*What to work on*: The output must match the lines from the first line of the listing below through the line holding "VAPEN SKYWALK 30K" exactly and must contain no pictures.

*Information*:
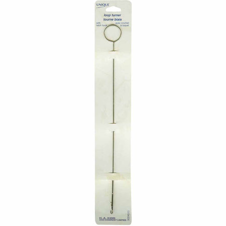 Turns bias tubing, button loop, or cord right side out with a latch hook at the end.
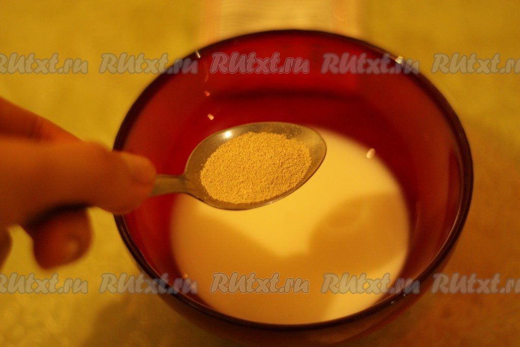 Дрожжи развести в теплом молоке.
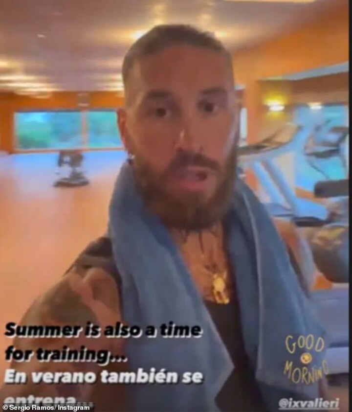 Sergio Ramos, meanwhile, uploaded a clip of himself doing weight training in the gym, with the sweating PSG defender adding the caption: 'Summer is also a time for training' in English and Spanish.
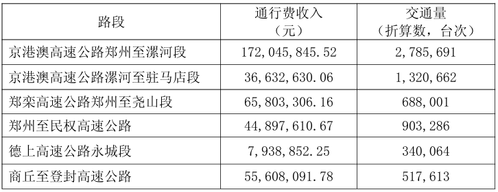 以上数据系河南省高速公路联网监控收费通信服务有限公司拆分数据,未经审计,自执行“营改增”政策后,该通行费收入中未含增值税。
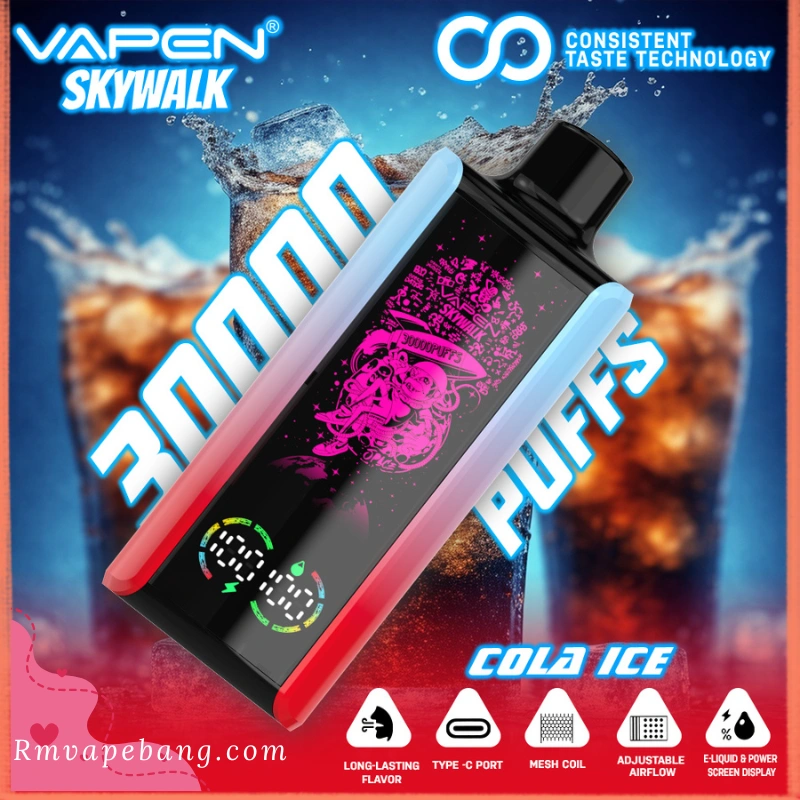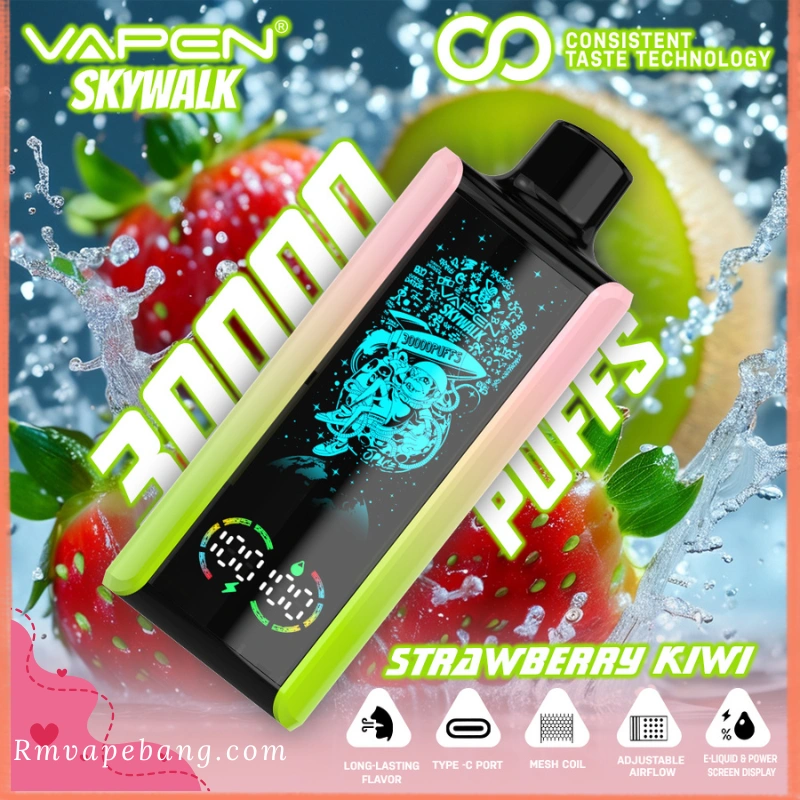VAPEN SKYWALK 30K Puff Disposable Vape Wholesale delivering up to 30000 puffs, this high-capacity disposable vape 30000 puffs features a 650mAh rechargeable battery with Type-C charging for reliable daily use. The adjustable airflow system allows users to customize the draw from smooth to stronger vapor output.
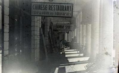 Simple designed signs indicating the 'Chinese Restaurant' and 'Bombay Sports' store at Connaught Place.
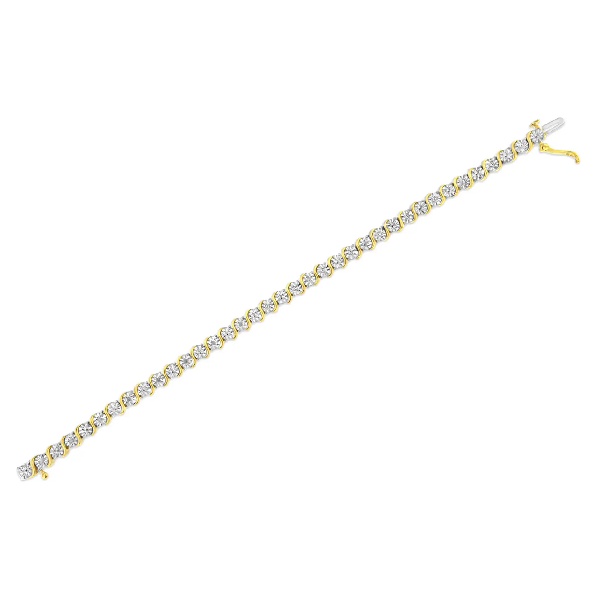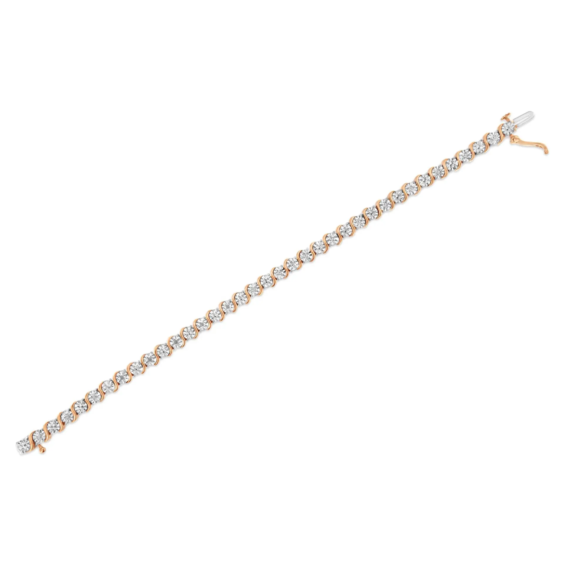 .925 Sterling Silver 1/10 Cttw Diamond Round Miracle Plate and “S” Link Tennis Bracelet (I-J Color, I2- I3 Clarity) – 7″

*Response below*:
 Turns bias tubing, button loop, or cord right side out with a latch hook at the end.
 Дрожжи развести в теплом молоке.
 Sergio Ramos, meanwhile, uploaded a clip of himself doing weight training in the gym, with the sweating PSG defender adding the caption: 'Summer is also a time for training' in English and Spanish.
 以上数据系河南省高速公路联网监控收费通信服务有限公司拆分数据,未经审计,自执行“营改增”政策后,该通行费收入中未含增值税。
VAPEN SKYWALK 30K Puff Disposable Vape Wholesale delivering up to 30000 puffs, this high-capacity disposable vape 30000 puffs features a 650mAh rechargeable battery with Type-C charging for reliable daily use. The adjustable airflow system allows users to customize the draw from smooth to stronger vapor output.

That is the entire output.